Gratuité scolaire, absence de redoublement, scolarité tardive et tronc commun jusqu’à 16 ans… Le système d’éducation finlandais a de quoi surprendre les étudiants québécois, et il accumule les meilleurs résultats chaque année, selon l’enquête PISA (menée tous les trois ans auprès de jeunes de 15 ans dans les 30 pays membres de l’OCDE). Premiers de la classe mondiale, les Finlandais ont tenu le cap de leur réforme mise en place en 1970, fondée sur un socle: l’égalité.

Avec un score de 95 % de diplomation contre seulement 71 % de réussite pour le Québec, la Finlande arrive en tête des classements internationaux, révèle Réjean Parent, président de la Centrale des syndicats du Québec (CSQ). «On est en train de s’apercevoir qu’un pays fondé sur des bases égalitaires a de meilleures chances de réussite… ça détruit le mythe de la compétition», fait valoir M. Parent.

En Finlande, tout commence dès le plus jeune âge, avec une présence renforcée pour éviter le décrochage scolaire. «C’est une bonne chose que l’on ne fait pas assez au Québec, car un élève en difficulté de 6 ou 7 ans a 80 % de risques de décrocher», estime Réjean Parent.

Autre point fort de ce pays surdoué : un apprentissage précoce et intensif de deux langues maternelles (finlandais et suédois) et de deux langues étrangères (anglais et une autre langue). «Ça a forcément un impact sur le plan cognitif», assure Louise Lafortune, professeure en sciences de l’éducation à Trois-Rivières. Au petit écran, les films ne sortent que sous-titrés, obligeant les jeunes à écouter les versions originales.

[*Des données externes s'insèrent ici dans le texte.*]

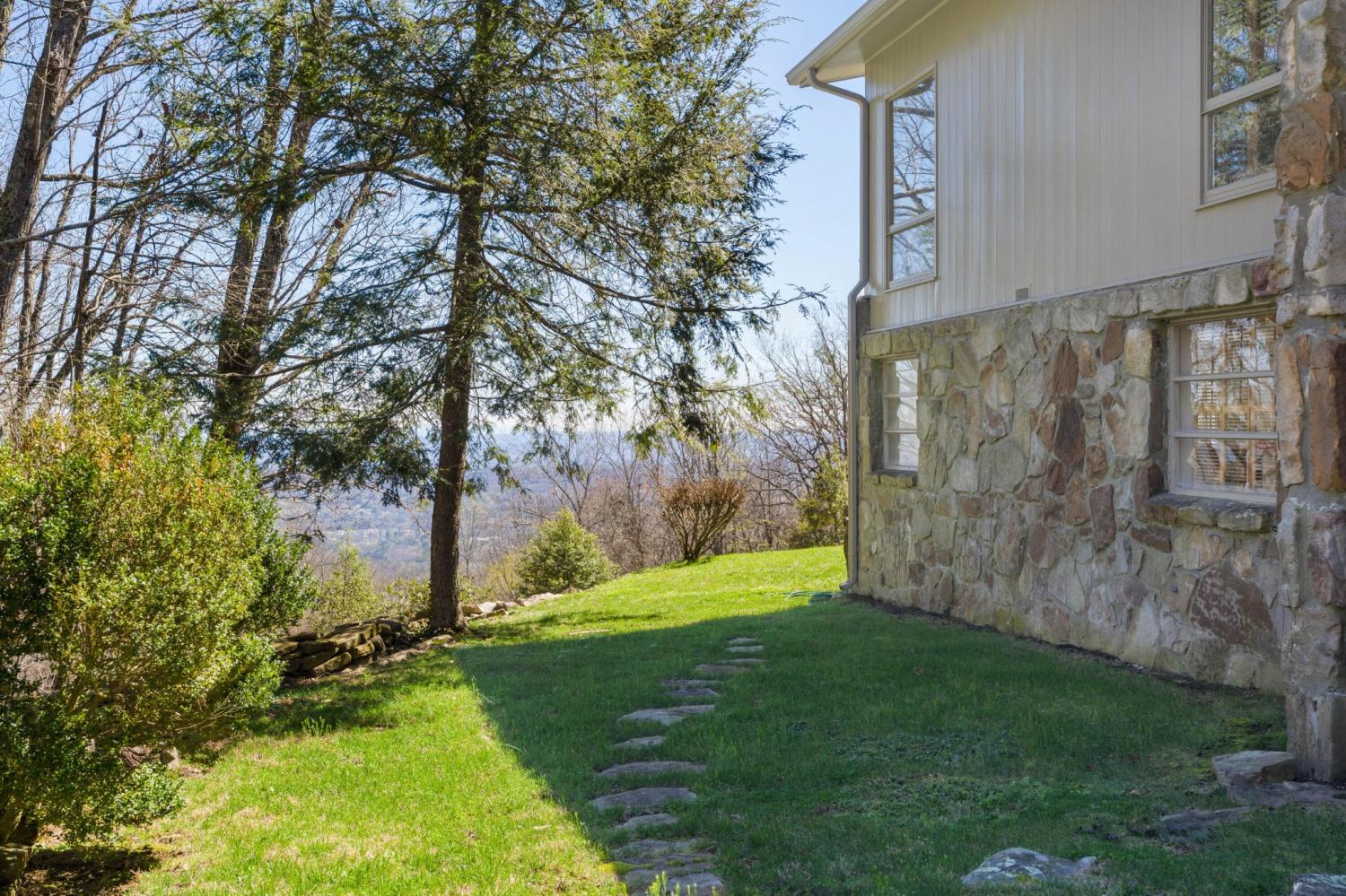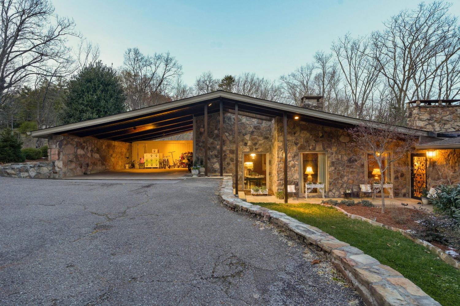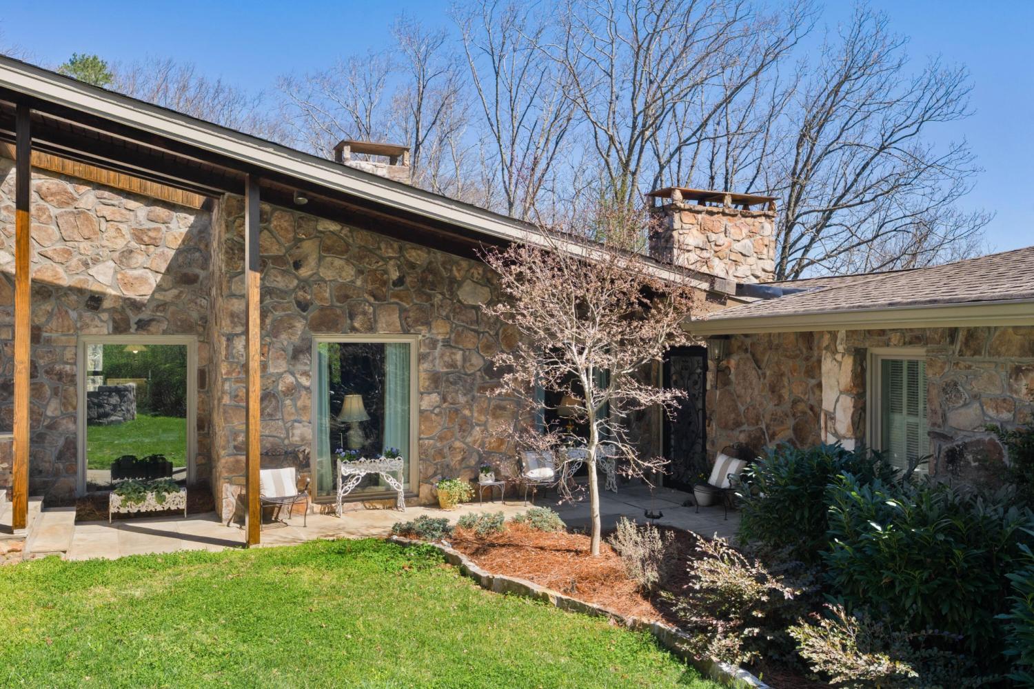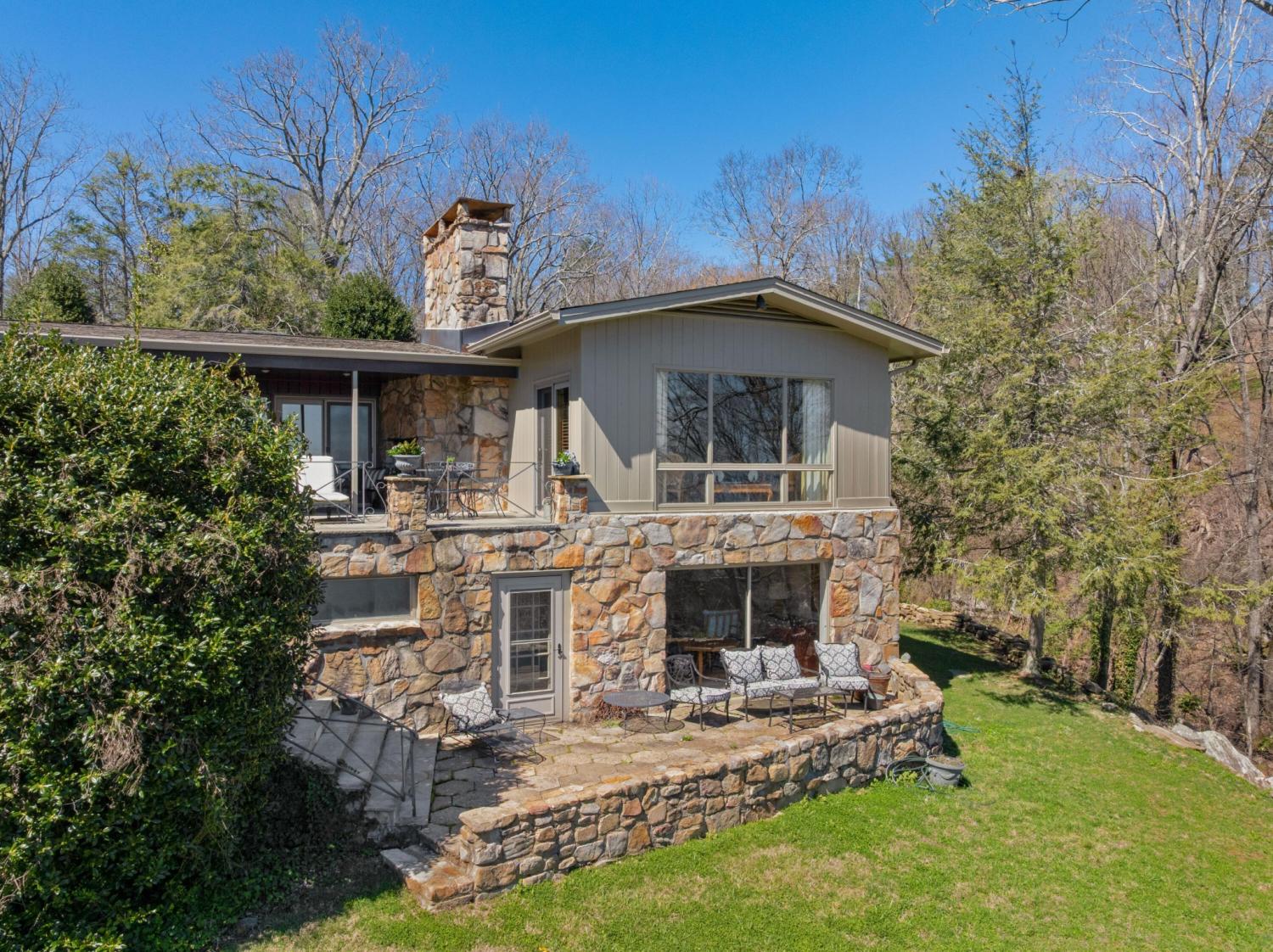 Family owned since 1977, this mid-century Lookout Mountain brow home offers a unique opportunity for the buyer seeking a premier brow estate with 3 parcels totaling over 5.19 +/- acres offering views, privacy, a wet weather creek, natural rock formations and endless potential. The sellers have completed many recent improvements, such as adding additional stone to the exterior and sanding and staining the beautiful carport to enhance curb appeal, replacing the HVAC units and more, but this 4 bedroom, 4 bath, one-level over a daylight basement also boasts many of the original desirable mid-century features, such as gorgeous hardwoods, stone, brick and marble tile flooring, solid wood paneling, crown moldings, multiple built-in features, 5 fireplaces, and wonderful windows everywhere you look that take full advantage of the views and provide warm natural lighting on both levels. The home has a great flow for entertaining, and your tour begins with entry to a large foyer that has a wall of windows to the main patio area with an outdoor fireplace, a pass-through wet bar to the den and access to the large formal living room. The living room has a fireplace and amazing views and adjoins the formal dining room. The handsome den also has a fireplace, the wet bar with ice maker, beautiful wood paneling, built-ins and double doors to the breakfast room and kitchen. The laundry room is off of the breakfast area as is the access to the double carport for easy loading and unloading and everyday ingress and egress. The kitchen adjoins the sunroom which will quickly become a favorite spot in the house. The primary suite is located on the back and enjoys the brow view, has a gas fireplace and the primary bath with a dressing area that has multiple built-ins. It has its own tub/shower, but there is also a separate shower that is shared with the guest bedroom. The guest bedroom also has access to the hall powder room.
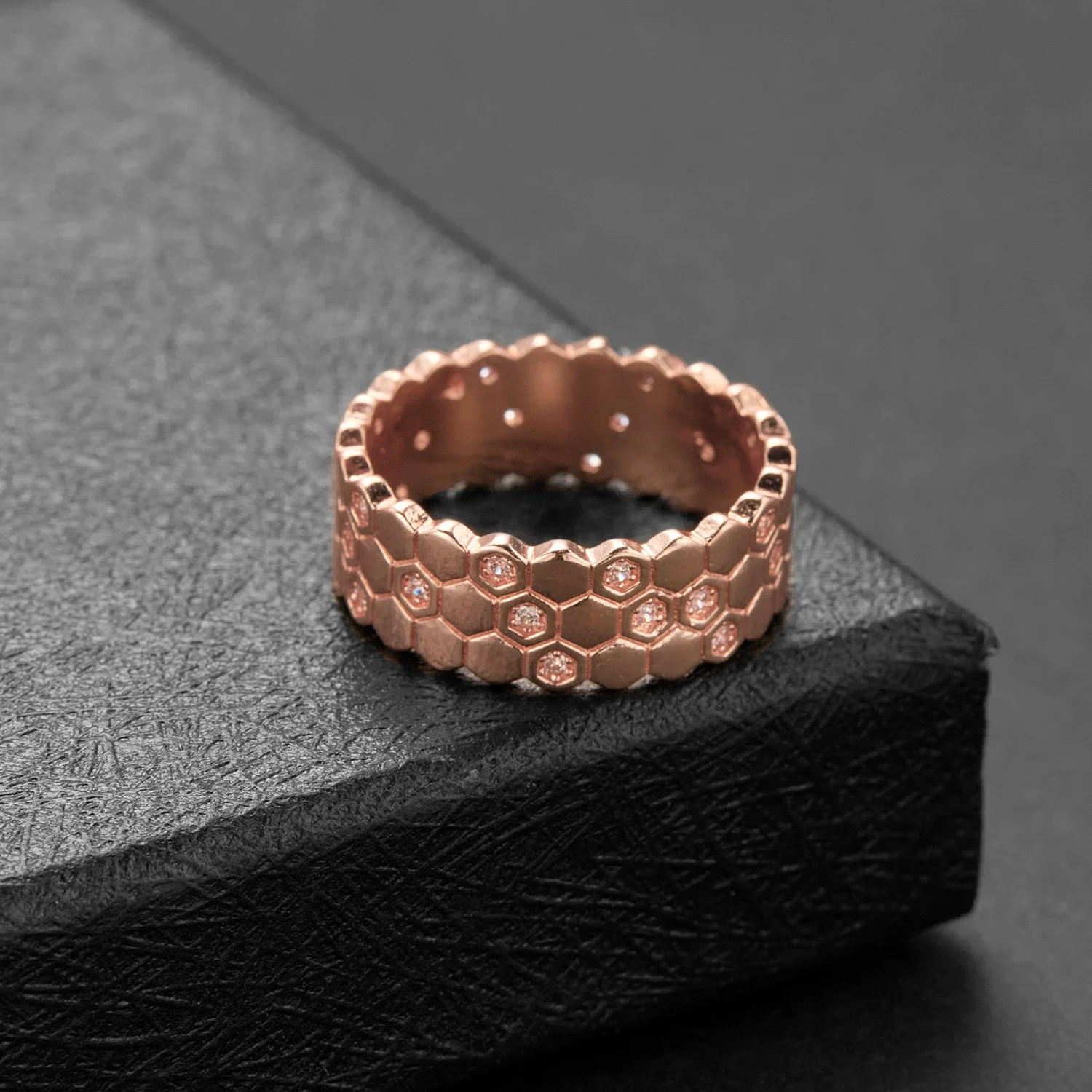 2pcs Rose Gold Color Beehive Finger Rings for Women Fashion Zircon Honeycomb Engagement Ring Lovers Wedding Jewelry Accessories
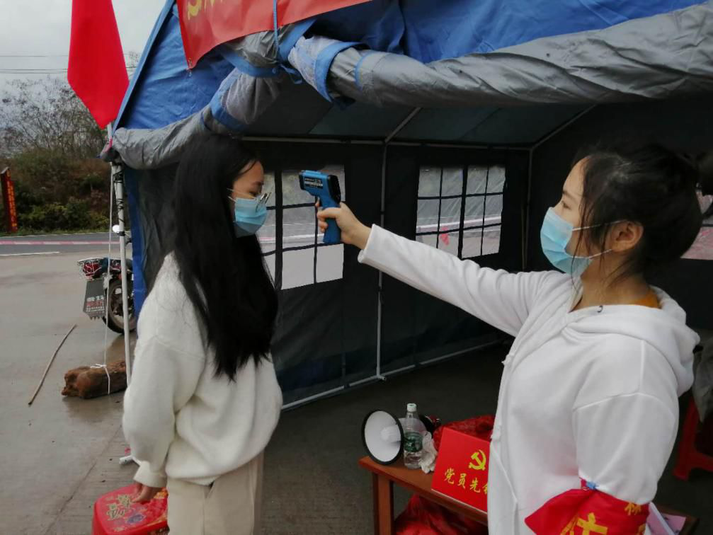 陈晓晴同学在防疫工作点的主要工作内容是:驻守在村口,负责拦截外村人员入村以及对本村村民进出时测量体温。
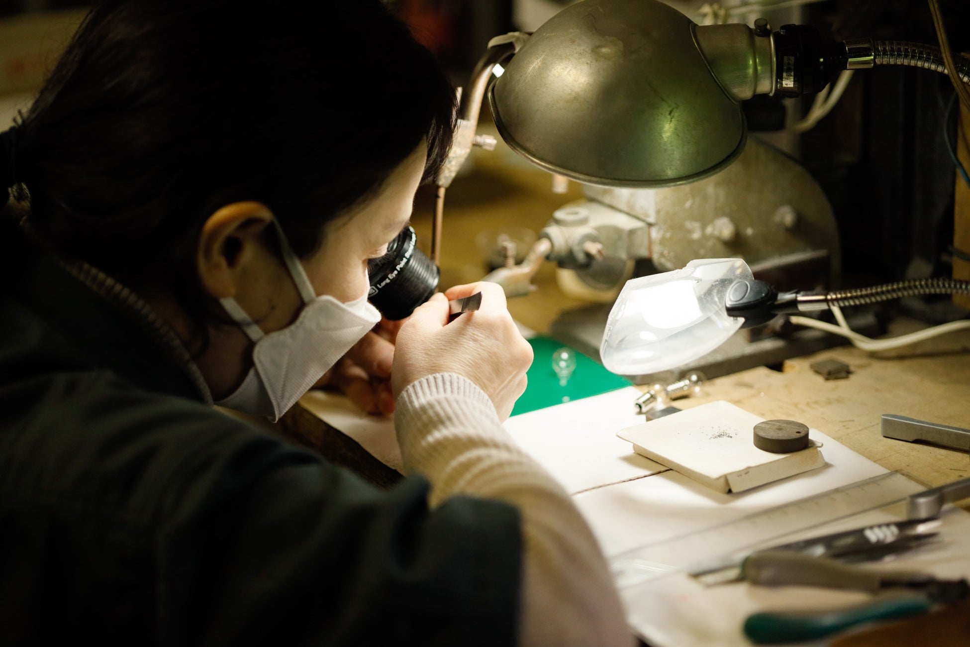 わずか0.55mmのフィラメントを持つ特注電球は、日本の電球職人がひとつひとつ手作りした希少な特注品。極小フィラメントの点光源によって投影される星は、限りなく小さな点像として表現され、本物の星空のような質感で空間を満たします。
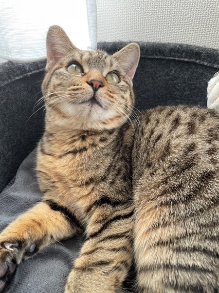 | 特徴(性格など) | キジトラ柄でもふもふな毛並み。 手足もやや短くて、全体的に丸くコロンとした可愛いフォルムです。 性格はまだ慣れないせいか、少しシャイなところがあります。 慣れると別人のように甘えてきます。 とってもおとなしくて穏やかな女の子らしい性格です。 先住猫ともすぐに仲良しになりました。 |
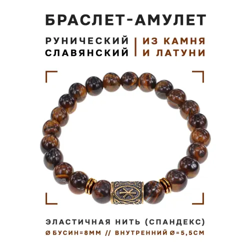 Браслет со славянской руной Рок и нат.камнем Тигровый глаз, 8мм BSRN-13-19
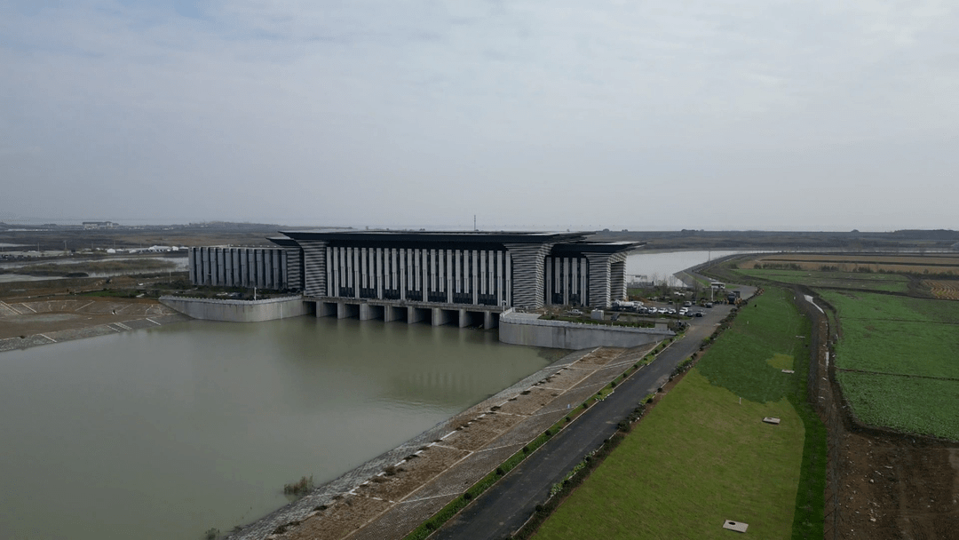 該工程位于肥西縣嚴(yán)店鎮(zhèn)蓮花村的派河口泵站,整體新中式造型,鋼琴鍵的外形,中國古建筑飛檐造型,具有騰飛之勢,同時建筑細(xì)節(jié)吸取音樂符號以及結(jié)合水紋波動的立面肌理,宛如跳動的樂章。
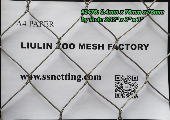 The stainless wire mesh panels code #2476: with diameter 3/32″(2.4mm), aperture 3″ x 3″( 76mm x 76mm) suitable for large animal enclosure fence netting mesh, like Monkey enclosure mesh, Gorilla cage fence, Deer cage fence, fox enclosure mesh, and other similar animal fence netting.
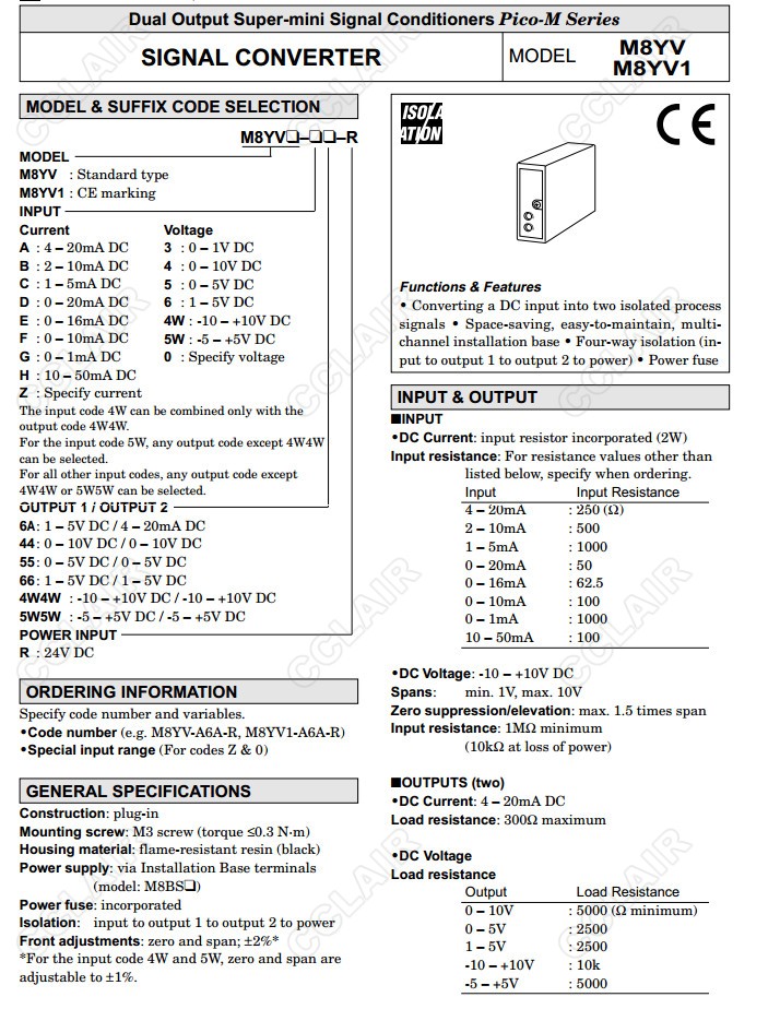 詳細信息 M8YV,M8YV-A6A-R,M8YV1-A6A-R,M8YV1-A,M8YV1-B,M8YV1-CSignal ConverterM8YV1-D,M8YV1-E,M8YV1-F,M8YV1-G,M8YV1-H,M8YV1-Z,M8YV1-3,M8YV1-4,M8YV1-5,M8YV1-6,M8YV1-4W,M8YV1-5W,M8YV1-0,

Une valorisation de l’enseignement
L’école finlandaise commence à sept ans, soit un an plus tard qu’au Québec. Lors des concours internationaux, les Finlandais ont donc un an de moins que les autres élèves étrangers. «Et malgré ça, cette année ne semble pas leur manquer», observe Réjean Parent, de la CSQ. «Au lieu de chercher à ajouter des années scolaires, nous devrions peut-être nous aussi réfléchir à cette perspective», suggère Mme Lafortune.

Jusqu’à l’équivalent du secondaire 3, l’évaluation n’est pas perçue comme un processus de sélection, tandis que l’architecture des écoles et la place accordée aux élèves sont très différentes du modèle québécois. «La Finlande sélectionne davantage ses futurs enseignants et valorise plus la profession que le Québec, note Louise Lafortune. C’est un facteur très important pour la réussite des élèves, un véritable projet social mis en place sur plusieurs années.»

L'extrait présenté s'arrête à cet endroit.